Red tide blooms have been rolling along the coastline of southwest Florida since early last fall, and Marco Island has not been immune to their effects.
According to the Florida Fish and Wildlife Conservation Commission, Marco Island started presenting “very low” to “low” concentrations of red tide in early December. By mid-February, those concentrations crept up to “medium” status.
Left in their wake have been wracking, hacking coughs and breathing problems for those on land, and a slow, suffocating death for those under the sea. Dead fish of all varieties — including Goliath Grouper — have been seen floating in canals and washing up on shore. Florida Wildlife Commission is so concerned about the Goliath Grouper mortalities that it has set up a protocol to report the dead fish if observed.
Worse yet, 184 manatees have been found dead within the known red tide bloom boundary. Four of them were recovered from waters around Marco Island: one in Rookery Bay on February 10th; one in Henderson Creek on Febryart 16th; one in Sanctuary Sound on March 4th; and one at Residents’ Beach on March 13th.
“This is a record number of mortalities to date since regular monitoring has occurred,” says Nancy Richie, Environmental Specialist with the City of Marco Island. “The last year it was this bad was in 1998-1999, when around 150 manatees died.”
Red Tide 101
To be sure, the harmful algal bloom known as red tide is nothing new to the southwest coast of Florida.
“Based on reports of extensive fish kills and incidents of shellfish poisoning with unique symptoms, red tides have been documented along Florida’s central west coast since the 1840s — long before extensive settlement — and severe red tides have been observed in each decade since,” explains Bryan Fluech, director of the Florida Sea Grant Collier County Extension.
“Fish kills around Tampa Bay werementioned in the logs of the Spanish explorers. There are specific descriptions of particularly devastating red tides in Florida for 1880, 1917, 1946-1947, 1953, 1971 and 1995,” he adds.
In Florida and the Gulf of Mexico, a naturally-occurring dinoflagellate called Karenia brevis, or K. brevis, causes most red tides. Scientists refer to a K. brevis bloom as a “Florida red tide” to distinguish it from other red tide-producing species.
According to Fluech, red tides develop under the right combination of biology, chemistry and physics, and when these conditions are favorable, K. brevis can reproduce very quickly — every 48 to 120 hours — through cell division, creating a bloom.
Depending on the duration and severity of these blooms, they spell big trouble for anyone in their paths for two reasons. First, red tides produce a neurotoxin that inhibits breathing, and second, oxygen is sapped from water when the red tide cells die along with the marine organisms they attack.
In fish, red tide paralyzes the gills and robs them of oxygen. Slow-moving fish and bottom dwellers are most susceptible, but invertebrates such as shrimp and crabs are affected as well. While bivalve species like oysters and clams can filter red tide toxins from their systems after three to six weeks, they are still vulnerable because of the low oxygen levels in the bloom-infested water.

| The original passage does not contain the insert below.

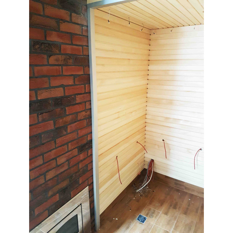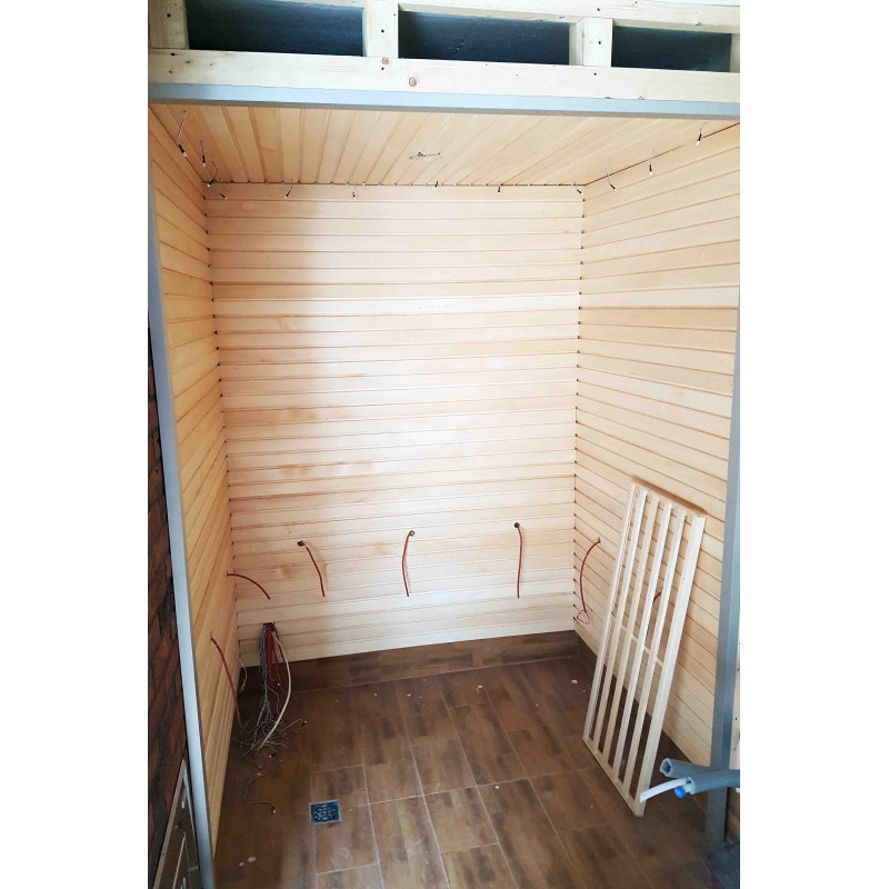 Les plafonds, les murs et les bancs sont en bois de tilleul avec des éléments décoratifs en bois de cèdre. Caillebotis en aulne noir. Les supports des bancs et les murs sont vernis et cirés, assurant la durabilité du bois.

Marine mammals such as manatees can be particularly susceptible to red tide events as toxins can be directly inhaled or consumed with aquatic plants. Shorebirds and wading birds also have been victims of red tide toxins.
People — especially those with respiratory problems, such as asthma — are affected too when the red tide toxin goes airborne. “At times in the past, I could definitely feel it in my lungs when I went out to the beach,” notes Fluech. “My wife seems to be more sensitive to theairborne toxins than I. She picked up on it quicker than I did.”
Still, there are some unknowns about red tide.
While some 70% of red tide blooms occur between August and February, the exact combinations of biology, chemistry and physics leading to a bloom’s inception are unclear. Further, there is disagreement between the scientific and environmental communities as to whether red tide blooms are happening more frequently, are more extreme or are fueled by the presence of fertilizers and pesticides in stormwater runoff.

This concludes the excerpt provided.